The successful complexation of the N,N-dialkyl-N’-benzoyl(thio)selenourea ligands to a number of different
transition metal ions is reported allowing the preparation of several potential single source precursors. Coordination
through the O and Se/S donor atoms to Pd(II) results in the formation of square planar metal complexes, with a cis
conformation, several of which could be structurally characterized. In particular, the first structural elucidation of an
asymmetrically substituted N,N-dialkyl-N’-benzoylselenourea metal complex, cis-bis(N-benzyl-N-methyl-N’-
benzoylselenoureato)palladium(II) indicates the increased stability of the EZ isomer in the solid state. Structural
elucidation of the novel (N,N-diphenyl-N’-benzoylselenoureato)cadmium(II) reveals a bimetallic complex in the
solid state, where the expected 2:1 ligand : metal ratio is maintained, and the two Cd(II) centres are 5 and 6
coordinated, with O and Se donor atoms. Multinuclear Nuclear Magnetic Resonance (NMR) Spectroscopy has been
employed in the thorough characterisation of the potential single source precursors, 77Se NMR spectroscopy
indicating a decreased shielding of the 77Se nucleus as the “hardness” of the central metal ion increases i.e. Pd(II) >
Zn(II) > Cd(II). Use of 113Cd NMR spectroscopy indicates the preferential binding of N,N-diethyl-N’-
benzoylselenourea to Cd(II) over that of its sulfur analogue, and initial studies suggest a form of chelate metathesis
taking place in solution. 31P NMR spectroscopy is used to gain insight into the formation of cis-bis(N,N-diethyl-N’-
benzoylselenoureato)Pt(II).
Thermolysis of (N,N-diethyl-N’-benzoylselenoureato)cadmium(II) and its sulfur analogue led to the successful
synthesis of CdSe and CdS quantum dots respectively, where thermolysis over a range of temperatures allows a
degree of size control over the resulting nanoparticles. The effect of precursor alkyl chain length on nanoparticle
morphology was investigated for both the N,N-dialkyl-N’-benzoylthio- and –selenoureas. A correlation between the
two for the (N,N-dialkyl-N’-benzoylselenoureato)Cd(II) complexes is described and possible growth mechanisms
are discussed. Preliminary investigations into the use of other N,N-dialkyl-N’-benzoyl(thio)selenourea metal
complexes as single source precursors reveal that both (N,N-diethyl-N’-benzoylselenoureato)Zn(II) and its sulfur
analogue show potential as single source precursors for the formation of ZnO and ZnS nanoparticles respectively.

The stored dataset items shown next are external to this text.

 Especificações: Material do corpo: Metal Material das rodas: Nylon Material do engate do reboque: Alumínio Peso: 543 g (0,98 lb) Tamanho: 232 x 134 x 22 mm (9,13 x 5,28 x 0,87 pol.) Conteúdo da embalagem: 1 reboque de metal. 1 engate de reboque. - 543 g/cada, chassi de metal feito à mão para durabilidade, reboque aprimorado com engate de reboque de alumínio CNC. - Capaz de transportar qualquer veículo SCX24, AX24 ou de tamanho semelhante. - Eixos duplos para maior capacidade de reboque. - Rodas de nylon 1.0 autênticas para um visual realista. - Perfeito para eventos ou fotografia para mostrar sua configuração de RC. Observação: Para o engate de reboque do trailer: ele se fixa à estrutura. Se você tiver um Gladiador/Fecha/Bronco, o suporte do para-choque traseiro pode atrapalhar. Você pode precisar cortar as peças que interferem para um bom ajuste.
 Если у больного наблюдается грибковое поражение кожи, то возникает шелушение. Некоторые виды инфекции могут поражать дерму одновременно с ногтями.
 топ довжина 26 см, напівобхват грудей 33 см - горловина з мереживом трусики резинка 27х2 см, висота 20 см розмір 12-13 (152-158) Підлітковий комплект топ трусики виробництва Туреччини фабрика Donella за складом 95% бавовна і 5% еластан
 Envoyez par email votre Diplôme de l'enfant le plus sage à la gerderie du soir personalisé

Initial studies into the use of N,N-dialkyl-N’-benzoyl(thio)selenourea metal complexes as single source precursors
for the synthesis of core-shell nanoparticles is briefly described.

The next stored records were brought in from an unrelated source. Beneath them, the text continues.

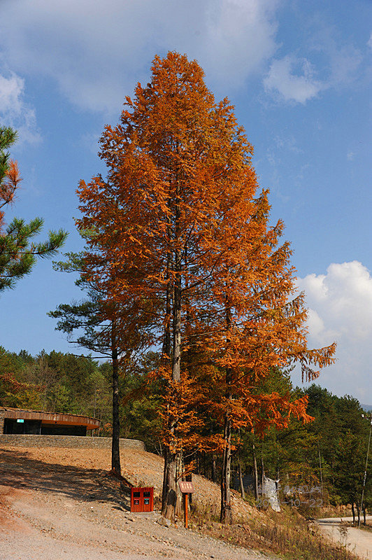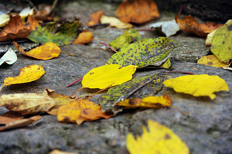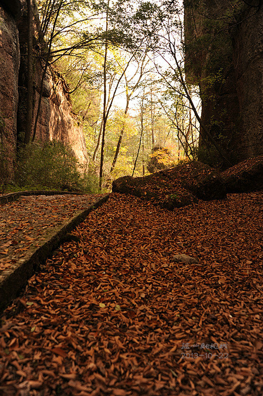 下图:秋季中的观景道上,随处的落叶倒也成了拍照不错的选择。
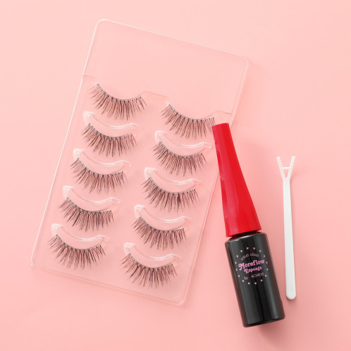 <モアフロウ>より、独自の成分配合とバランス配分にこだわって配合したゴムラテックス、(スチレン/アクリレーツ)コポリマーが人工的な疑似皮膜(物理的なメイクアップ効果)を形成し、明るく朗らかな印象の目元を演出する、特殊皮膜タイプのまぶた用化粧料と、補助スティック、黒と茶色をミックスした繊細な毛を採用し、自まつげと自然になじむつけまつげ・5ペア(10枚入り)のセットです。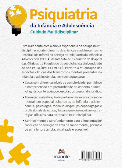 Este livro conta com a ampla experiência da equipe multidisciplinar no atendimento de crianças e adolescentes no Hospital-Dia Infantil do Serviço de Psiquiatria da Infância e Adolescência (SEPIA) do Instituto de Psiquiatria do Hospital das Clínicas da Faculdade de Medicina da Universidade de São Paulo (IPq-HCFMUSP). Oferece a atualização dos aspectos clínicos dos transtornos mentais presentes na infância e adolescência, com destaque para: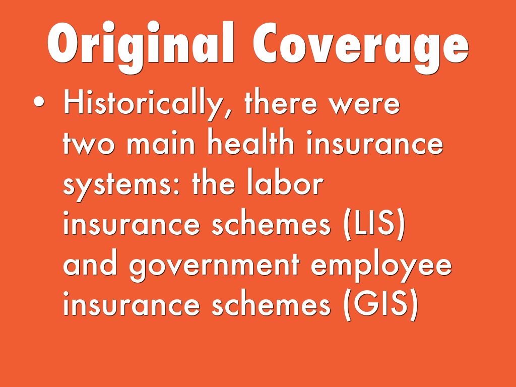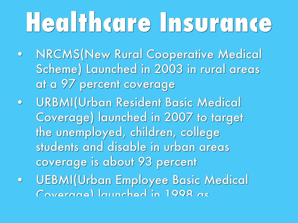 URBMI(Urban Resident Basic Medical Coverage) launched in 2007 to target the unemployed, children, college students and disable in urban areas coverage is about 93 percent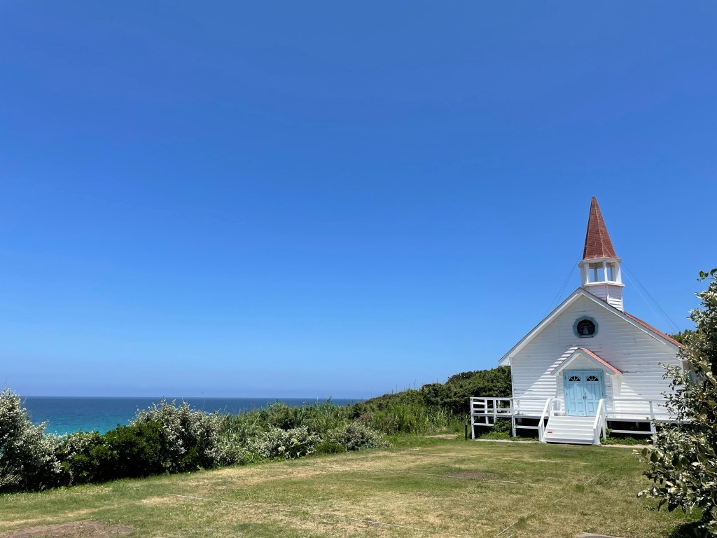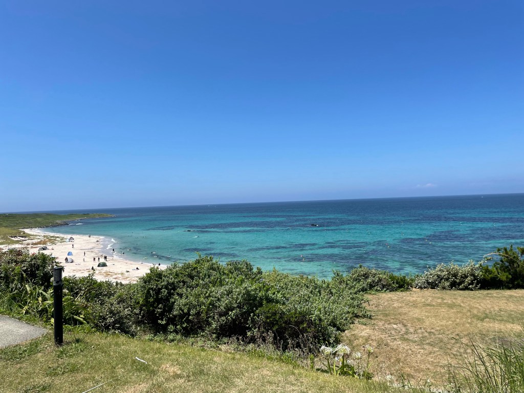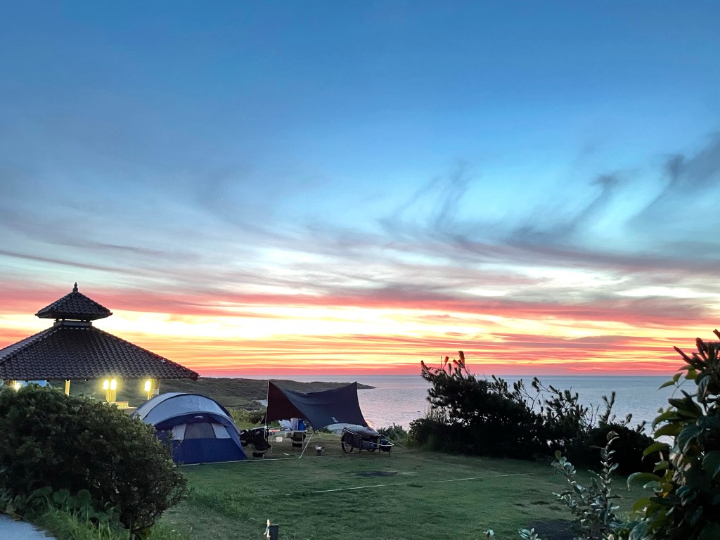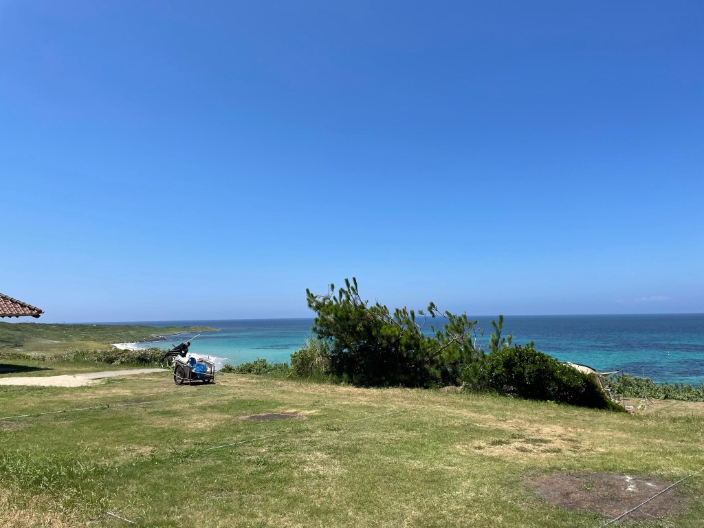 朝早くに到着したので、区画は見てから好きな場所を選ぶことができました。炊事場が近く海を一望できる区画に決定!眺め最高〜
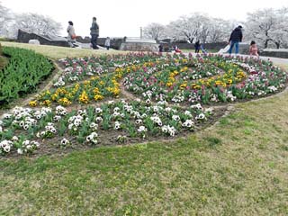 2018/4/11(11:42) 広場北部の花壇。 写真中央上には「展望台」。 写真をクリックすると拡大写真(600x450)が 表示されます。 |

The Aerosol Assisted Chemical Vapour Deposition (AACVD) of several N,N-dialkyl-N’-benzoyl(thio)selenourea
metal complexes is reported, where both (N,N-diethyl-N’-benzoylselenoureato)Cd(II) and its sulfur analogue allow
the deposition of crystalline CdSe and CdS respectively. The AACVD of (N,N-diethyl-N’-
benzoylselenoureato)Zn(II) leads to the deposition of crystalline ZnSe, ZnS being deposited by (N,N-diethyl-N’-benzoylthioureato)Zn(II). The deposition of heazelwoodite (Ni3S2) with varying morphologies results from the
AACVD of cis-bis(N,N-diethyl-N’-benzoylthioureato)Ni(II). Thermal annealing of the amorphous material
deposited by the AACVD of cis-bis(N,N-diethyl-N’-benzoylthioureato)Pd(II), allows the formation of highly
crystalline palladium. The deposition of metallic platinum using cis-bis(N,N-diethyl-N’-benzoylthioureato)Pt(II) is
described as well as the deposition of crystalline Pd17Se15 from cis-bis(N,N-diethyl-N’-benzoylselenoureato)Pd(II).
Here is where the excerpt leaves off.